At Benjamin’s chastisement he finally looks away, dropping his gaze to the floor. He lifts a thumb to rub over his lower lip and says nothing.

Benjamin urges me back one step, and then another, before he turns us around and leads us away. He takes us to a quiet corner of the ball and pricks his thumb on his fang before pressing it to the puncture marks on my wrist.

I look up at him, trying to shake off my sluggishness and read the troubled expression on his face. “Is everything okay?” I ask.

“I believe so.” He studies my wrist until the wounds heal, and then drops it and looks me in the eyes. “Are you well?”

“I’m fine,” I say. Better than fine, really. That bite left me with a pleasant, tingling sort of wooziness, as though I’ve had a few glasses of wine. It felt good when Benjamin bit me, but that was something else entirely. “Did something happen?”

“No, but it nearly did.” Benjamin glances at the crowd around us. “That expression on his face… I know the look of a man on the verge of losing control to his bloodlust, and he was very, very close.”

Bloodlust? I think back to that moment, the way he held me and looked at me, and can’t make sense of the word. “Are you sure? He was so gentle with me.”

“I’m sure,” he says. “And that makes it even more dangerous. Vampires like that…” He shakes his head. “He could have drained you past the point of safety before you realized something was wrong.”

“Well…” I wring my hands, uncertain what to say. I have the strangest urge to defend Claude, even though just minutes ago I was uttering the words anyone but him. “He didn’t hurt me.

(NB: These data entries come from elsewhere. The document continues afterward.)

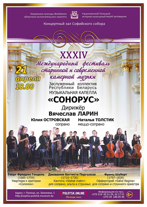 В рамках XXХIV Международный фестиваль старинной и современной камерной музыки, 21 апреля в 18.00 состоится концерт Заслуженный коллектив Республики Беларусь «Музыкальная капелла «СОНОРУС».
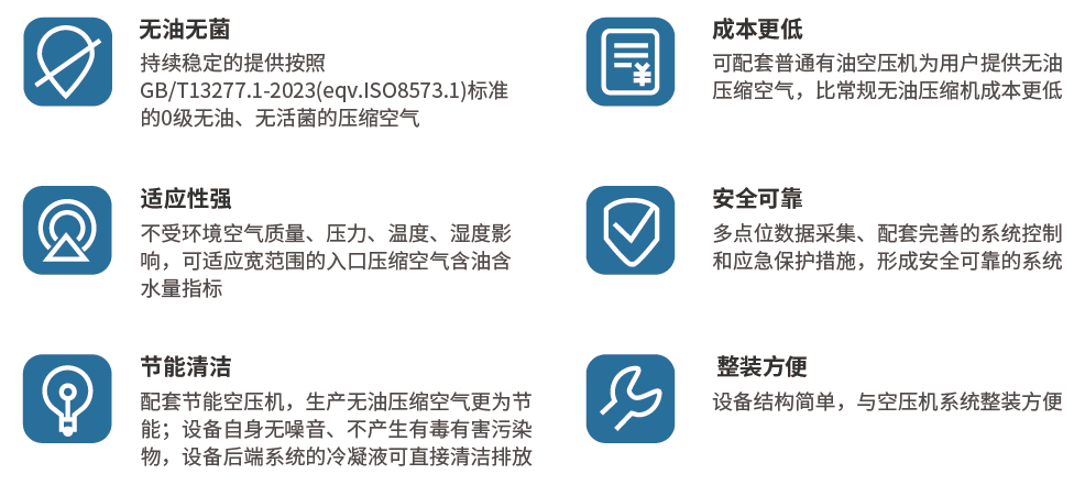 1.转化式除油组件直接集成低压油润滑压缩机系统,成为无油空气压缩机系统,可为用户提供低压无油压缩空气;
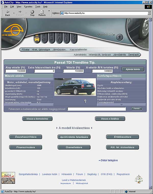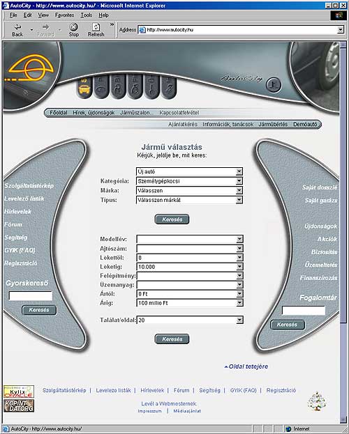 • Az Auto City üzemeltetője az Euroleasing cégcsoport, amelynek köszönhetően az ügyfelek a kiválasztott modelleket országosan közel 400 kereskedő készleteiből érhetik el. A készletadatok naponta frissülnek, elsősorban a CarNet hálózat segítségével. Látogatói szabadon csemegézhetnek minden jelenleg forgalmazott modell részletes adataiból és képeiből – számuk 2500 közelébe tehető -, valamint további 10.000, az elmúlt 20 évben forgalmazott modellekből.
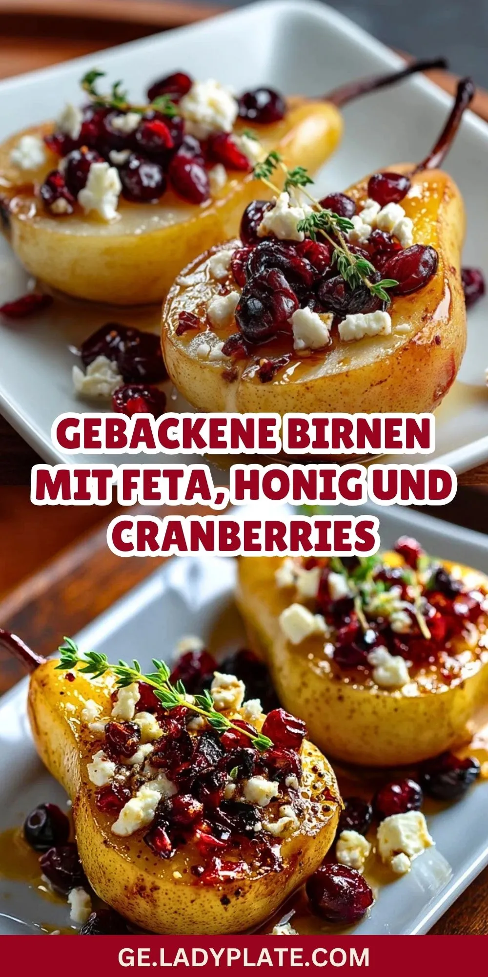 So bereitest du Gebackene Birnen mit Feta, Honig und Cranberries zu
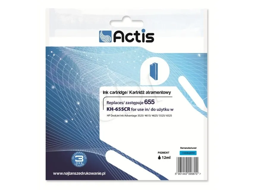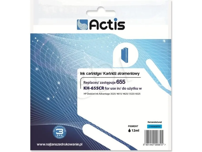 Actis KH-655CR cyan ink cartridge for HP printer, refurbished, 655 CZ110AE replacement, capacity 12 ml, standard yield.

And if he had really been a threat, I’m sure you would have stopped him.”

Benjamin chokes out a sound that might be a cough, or a startled laugh. “Your faith in me is admirable, but misplaced, I’m afraid.”

My eyebrows shoot up. “What? Surely you’re stronger than him.

He’s so…” I shrug, unable to even find the words for it.

His perfect curls, his blue eyes, his long, pale fingers that gripped me so gently.

Even if Benjamin hadn’t told me he was an artist, I would’ve known it at a glance.

That’s how he seems. Sensitive, almost vulnerable.

“He’s nearly one hundred and fifty years old,” Benjamin says, shocking me anew.

“Which is quite a bit older than I am. Trust me on this, Nora. Even without the backing of his court, and my lack thereof, I would have trouble handling him.” Benjamin’s expression is grim, but as he turns to me, it softens.

“In any case, I’m glad you’re safe. No harm done. Shall we?”

I take his arm and let him lead me back to the party, my skin still tingling from the ghost of Claude’s mouth.